Mavis only won her first Grammy in 2011.
I can’t believe it took that long.
Right? That’s 61 years since she started performing. What is the disconnection happening there?
I don’t think Bob Dylan won Grammys when he was doing the work that marked him as the special one he was. The Grammys are a great, cool thing. But, certainly plenty of people who are doing amazing work don’t get noticed by the Grammys for a number of reasons. You can look at that and be like, “It’s a shame. It’s unfair.” And it is. But, that doesn’t take anything away from Mavis Staples being who Mavis Staples is. Or from any of those people being who they are and doing what they do. I think it’s unfortunate, but time and history will rectify those things. Mavis Staples, even if she’d never won a Grammy, is not going to be forgotten.
What did it mean to you to participate in Mavis’s recent tribute show?
Oh, man … I was so thrilled to be there and be one of the people who got to present how much I love her and be a part of paying tribute to her. Of all the singers that I idolize, she just has this special place for me. She has this incredible joy that she brings with her everywhere she goes.
I think the first time I saw her in concert was at the Gospel Tent at New Orleans Jazz Fest. This was when Pops Staples was still alive. She came out and, from the moment she came up there, was just beaming. She had this incredible charisma and this incredible joy that she infected everyone with. Every time I’ve seen her since, no matter what she’s singing or what forum she’s in, she brings that. It’s an inclusiveness. There’s a depth to it that … you can look at her as being a great singer and admire her for that — and that’s wonderful — but you feel like she’s just a bringer of love and joy. It’s really amazing to be able to do that.

And she’ll be 76 in July.
Exactly. To be part of that was wonderful. I know that she’s had some health issues, so to see her — energetic and healthy — get out there and sing with Jeff Tweedy and this one and that one … that was, for me, such a beautiful thing to see her like that.
Another thing that I really loved about being part of the Mavis tribute is that people did songs not just from the old days. In fact, a lot of the Staple Singers songs that I thought would get done because they were obvious choices, didn’t get done. People went to the material from her work in the past 15 to 20 years which is so rich and so wonderful.
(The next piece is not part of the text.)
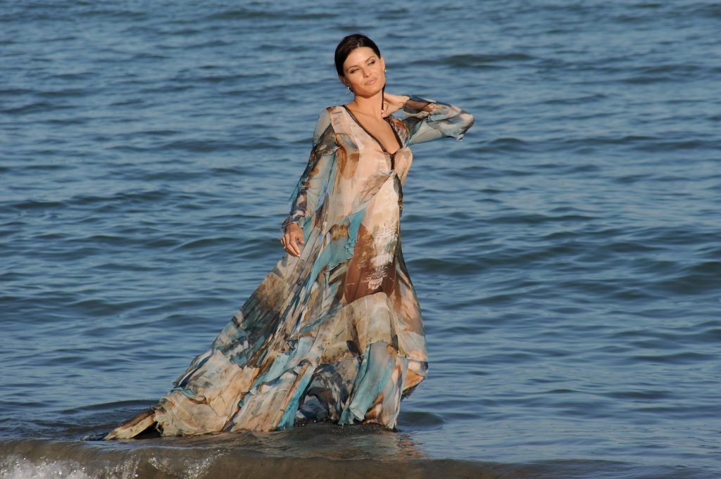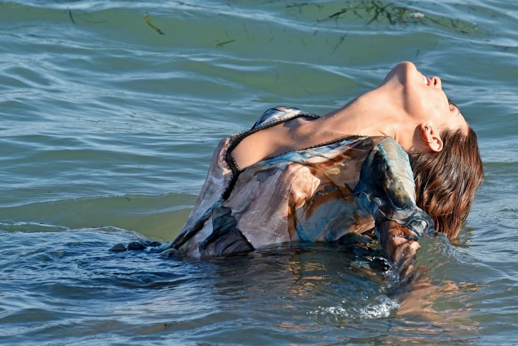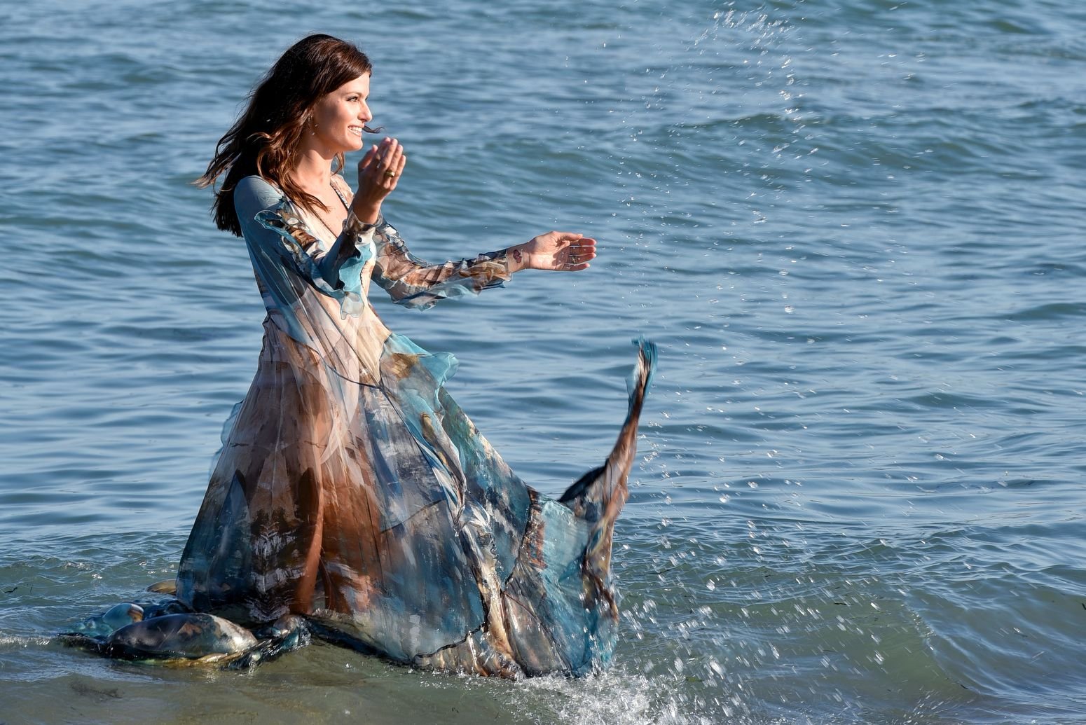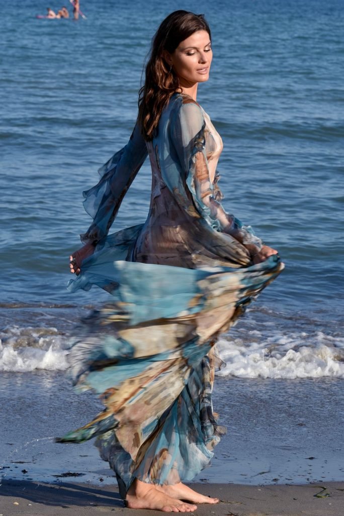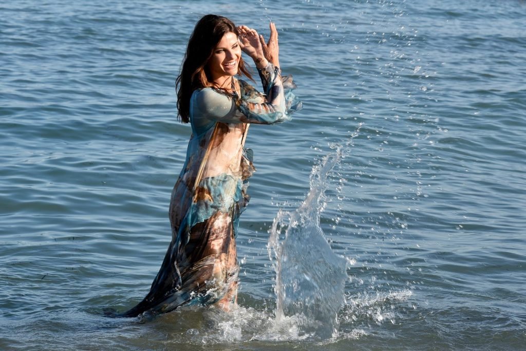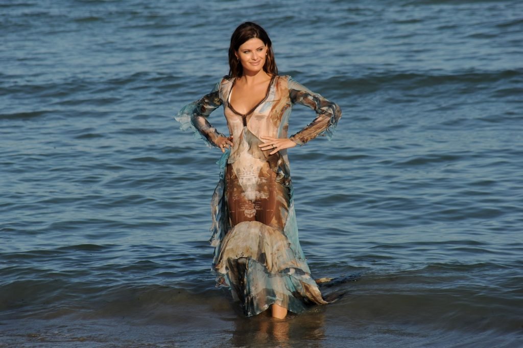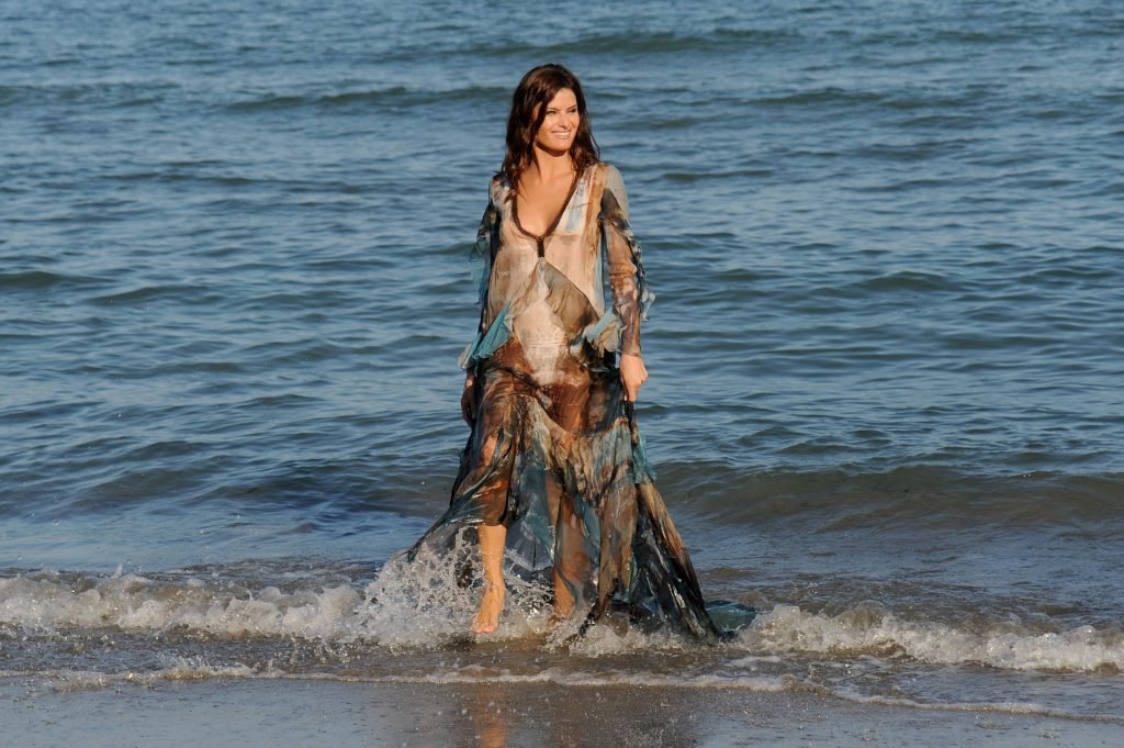 Le mannequin sans soutien-gorge Isabeli Fontana (34 ans) pose pour les photographes sur la plage de Venise, le 29/08/2017.

Mavis is not a nostalgia act. She’s somebody who’s kept doing this and, because of who she is, writers want her to cover their material and musicians want to work with her. People want to keep what she has alive and current. That’s one of the great things about her. She’s not just, “Oh, remember what I did back in the day?” She still has so much to give and she’s supported by a great live band. It’s wonderful to see.
Are you still going to be going at 76 — that feisty and everything?
You know, I hope so. My mom’s 84 and she runs rings around me. I might have that. I hope so. I hope people are still interested in hearing me.